One item on the agenda of the second special session was to get the state's unemployment insurance laws to comply with federal requirements in order to avoid losing millions of dollars from the trust fund tax credit. One of the required changes called for inclusion of local government and school employees in the unemployment insurance program. The governor and Republican legislators disagreed with the Democrats as to who should pay for the cost of the program. Republicans wanted local governments to foot their own bill; Democrats wanted the state to cover the local governments' costs. The result was a compromise which provides for the state to share approximately half of the cost of the program with the local governments and schools. The fear of incurring even greater costs — if no bill was passed — was a powerful incentive to both sides.

Not all the compromises were that easy. The "Class X" crime legislation wasn't just a matter of coming to an agreement about eliminating parole and adding determinate sentencing; it was also a matter of deciding who would choose the law's name. The governor gave up one provision he wanted — a life imprisonment penalty for certain serious crimes — in return for use of his "Class X" title. According to comments made by some, the "Class X" label was important to Gov. Thompson and his political future. The trade did not please everyone and drew disparaging remarks about "playing political football."

Two state Supreme Court rulings prompted legislators to deal with welfare fraud and to create a new Board of Elections to replace the current unconstitutional one. The first assignment, though not without heated debates, was accomplished with considerable swiftness. Because of the court's ruling this fall that the Department of Public Aid did not have legal authority to impose sanctions on people accused or suspected of welfare fraud, the legislature enacted a law giving the department that statutory power.

Like the stone rolled endlessly up the hill by Sisyphus, the new Board of Elections ordered by the court still remains to be created. After months of work and six extensions granted by the Supreme Court, the compromise bill, H.B. 26, was met with amendatory veto by the governor. Thompson rejected the bill's provision for shared appointment powers between the governor and the top elected official of the opposing party. His objection to that arrangement is based on principle — it would weaken the governor's office, he said. In his amendatory veto message he also called the bill an "unwarranted, unwise, and mischievous dilution of the executive power of the governor." This hint that the legislature was playing games was countered by a comment made by House Speaker William A. Redmond (D., Bensenville) who suggested that the governor was interested in more than principle.
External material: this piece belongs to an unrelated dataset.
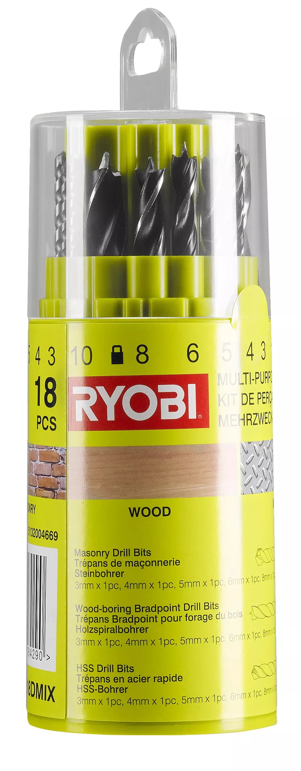 Описание Ryobi Набір свердел RAK18DмIX, 18шт код товару 5132004669

Redmond said that he did not want the board to become "a handy tool for shoring up a political edifice already under construction."

The Democratic legislative leaders called a special session for December 16 to consider the veto. They needed three-fifths to override but realized that procedural Constitutional provisions worked to their advantage if action came before January 1, because the Republicans would also need a three-fifths vote to accept the amendatory changes. After January 1, the Republicans could have accepted the governor's changes with a majority.
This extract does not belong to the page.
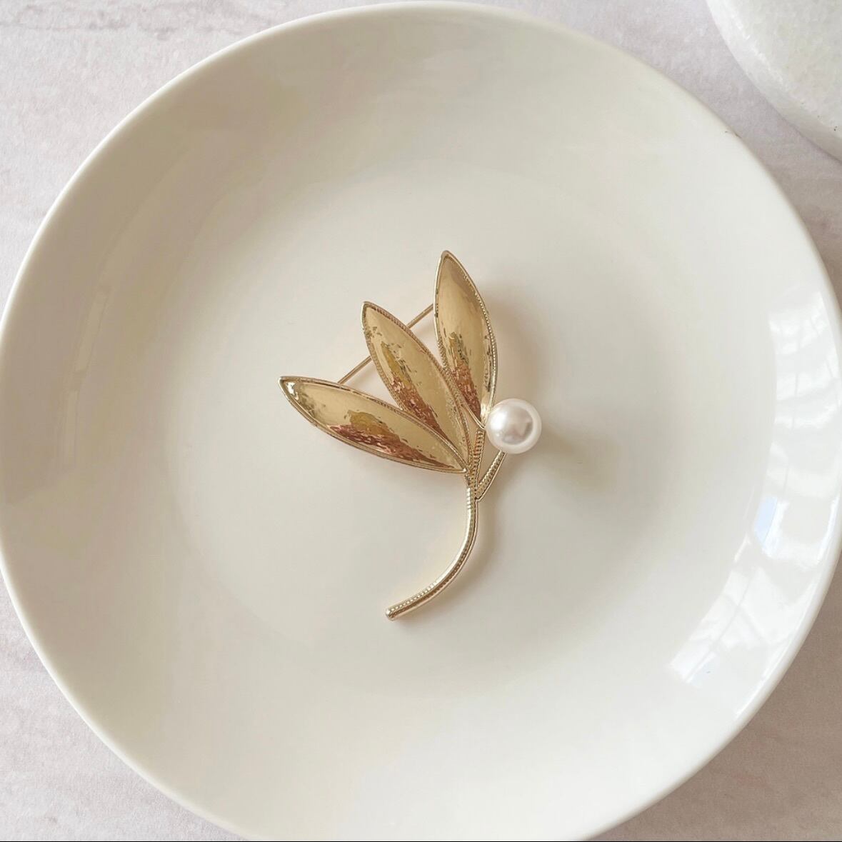 リーフモチーフのブローチは、落ち着いたゴールドカラーに一粒パールを添えたデザイン。

This was because the bill had an effective date of April 1978 and therefore required a three-fifths vote instead of the usual majority to accept an amendatory veto. (The Constitutional provision on effective date of laws says that a bill passed after June 30 shall not become effective prior to July 1 of the next calendar year unless the General; Assembly, by a three-fifths vote, provides for an earlier effective date.)

When the legislators convened December 16, the motion to override failed and the motion to accept the changes failed. H.B. 26 was thereby killed.